In all honesty, looking back at my most recent experience in San Diego I find myself feeling similar to my childlike self and was beginning to feel that it was something that would take much more time to fade than it feels it might now. I’ve been caught in a web of my own deception, utter confusion and chaos which I have both eagerly chased and run from without truly inspecting. The same I feel goes for myself, my spirit, which has been depleted and drained by the rapid movement of my earth body. I haven’t wished to slow, but continue to act and do without much thought at all, and for what purpose I wonder than my own inability to question the motives that lie behind it. Why would I allow myself to continue on in this game, playing aloof and pretending that I do not truly know myself when I have faced myself so many times, yet still I turn and hide. It occurs to me that it may be for the reason that my ‘self’ as I know it is entirely unacceptable to the place I find myself spiritually. I’m not happy with the repetition and it seeps from my skin, a ringing in my ears that does not fade but only churns my senses higher with each passing day. I do not wish to hide any longer and loathe the vessel or the fire that burns within it out of panic, fear or anxiety. It scares me to have been so fearful of admitting these things until now, though I’ve known them and have equally presented them to myself and drawn them into my reality all the same.
It’s different now. I have a choice– an opportunity to entirely change and recreate the structure of my reality that I never before believed possible. So much time has passed while I have been asleep, seeking an awakened truth matchless to the impermanent state I currently reside. The angelic beings here call me forth to come home, to return to the Light that I have run from, and still a part of me shies away from wanting to trust. I know it’s worth it, perhaps so easy to change that I’ve been reluctant to begin as I’ve known everything would be different from then on but I can’t wait any longer. The foot work has already been done. I’ve already reached the understandings that I need and now it’s most important to put them back out into the universe and watch a new story unfold. I have been recreating the same one for too long now and it’s pained me to watch it grow into something beautiful and fade out with the same petty mistakes. I lost touch with myself– was not honest with myself regarding the true path to my awakening and so I’ve gone off the deep end time and time again trying to regain my footing on a path that was never meant for the light I withhold from this world. I’ve never truly let it shine, nor have I allowed myself true and lasting freedom as I have never given myself the chance to believe in it. I want that to be different now and I see it changing before my eyes. The process of my thoughts and the patterns in which they flow continue to come to me with such an ease as I simply let myself be as I am. I don’t feel the need anymore to hide or run from myself. Not after realizing that I am the sole creator of all of the events that happen in my life and that nothing needs to be done for them to be changed other than simply believing enough to permeate that thought into existence. It’s really quite easy and I’ve complicated it– most recently because I have not wanted the information to get into the wrong hands. It seems imperative now that it is written or expressed somehow, someway in some form before it slips my mind again completely. Not that it would last for long, because I’m able to remember all of my experience but don’t have much of the desire to recreate most of it, yet, again. I feel it will be released at the right time, but it’s kind of important now that I rewrite this part of the story before it gets any stranger.

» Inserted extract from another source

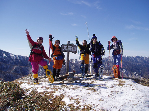 | 20〜30分ほど歩行練習と足慣らしの後、メンバー勢揃いしてガイドさんに写真を撮してもらてから、さあ出発。夏道の登山口の標識もクリヤです。確か、年末の写真では、ほとんど埋もれていたような。雪はだいぶ減ったようですが、まだまだスノーシューで快適に歩けます。 |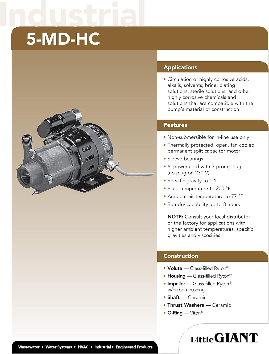 The Little Giant 115 Volt, 1/8 HP 5-MD-HC non-submersible magnetic drive pump is sued to circulate highly corrosive acids, alkalis, solvents, brine, plating solutions, sterile solutions, and other highly corrosive chemicals and solutions (1.1 specific gravity). Its volute, magnet housing and impeller are glass-filled polyphenylene sulfide for excellent chemical resistance. This pump utilizes pure carbon bushings to enable the pump to run dry for up to 8 hours at a time. This pump delivers up to 1050 GPH at 0-ft. lift and comes with a 6-ft. power cord with plug.

I think I’m finally accepting into my reality the truth of the matter, that everything I despised was of my own intricate design and all of the burdens I’ve despised putting on anyone else have been the total destruction of myself. Back to the real matter though, which is that I’m not alone in this reality that I have closed myself off in. Everyone that comes into this story is a part of the expression we co create and so I’ve seen my part is altered by a reoccurring problem. I can’t live the same way with the same thoughts any longer knowing what I know now. It doesn’t fit into the reality I want to create anymore, regardless of how it all pans out I have a set of ideas I need to express and the order in which they follow is not entirely important as it will be changed later on.